人々の生活を破壊する自然災害:それでも、関心の薄い気候変動! (RTE-News, Sep 13, 2022)
世界気象機構 (The World Meteorological Organisation)が中心になって各国の気候変動に関する研究結果をまとめた報告書「United in Scinece 2022 (科学連合2022)」によると、パリ協定で地球温暖化対策の目標とした、
『2030年までに世界の平均気温の上昇を産業革命以前に比べて 1.5℃に抑える』
を達成するためには、現在の温暖化ガス排出量の削減量を7倍に引き上げる必要があるという。
さまもないと、災害リスクを抱える地域あるいは都市の住民は、これまで以上に
「Socio-ecoomic imapacts (社会・経済的影響)を受けかねない状況にある。

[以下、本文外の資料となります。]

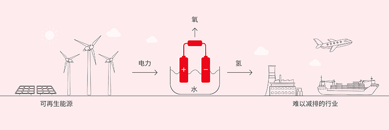 Power to H2:利用可再生能源產生的電力,通過電解槽將水分解成氫氣和氧氣。

なお、国連のグテーレス事務総長は、「気候崩壊 (climate disruption)が急激に加速すると、気象関連災害 (weather retated disasters)、すなわち
・floods:洪水
・drougts:旱魃
・heatwaves:熱波
・extrem storms:暴風雨
・wildfires:山火事
から逃れられる人など誰もいなくなる」と指摘する。
実は、その災害の規模、頻度も拡大し続けているのだ。過去60年間で、自然災害の発生件数は 5倍に増加したという。
この夏に限っても
・Europe:heatwaves (熱波)
・Pakistan:colossal floods (大洪水)
・China, Horn of Africa & US:prolonged droughts (長引く旱魃)

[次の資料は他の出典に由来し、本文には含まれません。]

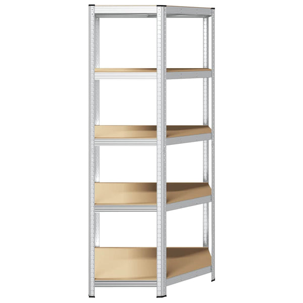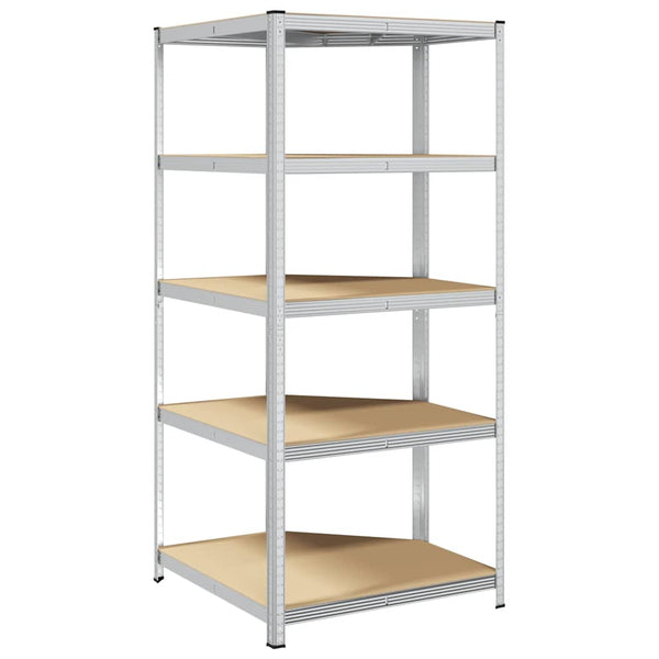 5-tasoinen Varastokulmahylly hopea teräs ja tekninen puu

などの災害がきわだった。それもこれも、グテーレス事務総長の言葉を借りれば、
・They are the price of humanity’s fossil fuel addiction.
(すべては、人類の化石燃料中毒の代償だ。)
さらに、WMO報告書は警告する。
” The world is heading in the wrong direction, and without much more ambitious climate action, the impacts of climate change will be increasingly devastating.”
[ この世界はまちがった方向に向かっている。したがって、これまでよりもはるかに思い切った気候変動対策をとらない限り、気候変動の影響はますます壊滅的なものになるであろう。]
とくに、熱波は今後も世界中の都市を襲い、2050年になると、都市人口の16億人以上が、1年のうち 3ヶ月が平均気温35℃以上の熱波に悩まされることも、ごく当たり前の時代を迎えると指摘する。
おわりに:多くの人にとって、目の前に差し迫った最大の脅威は「地球温暖化」ではない。それよりも、中国武漢から世界中に広まった新型コロナウイルスの感染と、ロシアのウクライナ侵略戦争が断然に気がかりだ。
そのウイルスは、変異を繰り返して、感染力を強め、全世界の正常な医療システム、社会生活、それに経済活動を麻痺させた。また、ロシアの無謀な戦争は、全世界にエネルギー・食糧危機、物価高、インフレを招き、平和な世界の経済を大混乱におとしいれた。
この2つは、誰にも予想がつかない、とほうもない大事件だった。このせいで、人々は、気候変動を考える余裕を失ったのだ。
さて、2022年も残すところ、あと60日ばかり。来年も「前代未聞」の事件あるいは「前代未聞」の自然災害が起こるのだろうか。自然災害とて、コロナ、戦争と同じ。ときに、命に関わることもある。これを忘れてはいけない。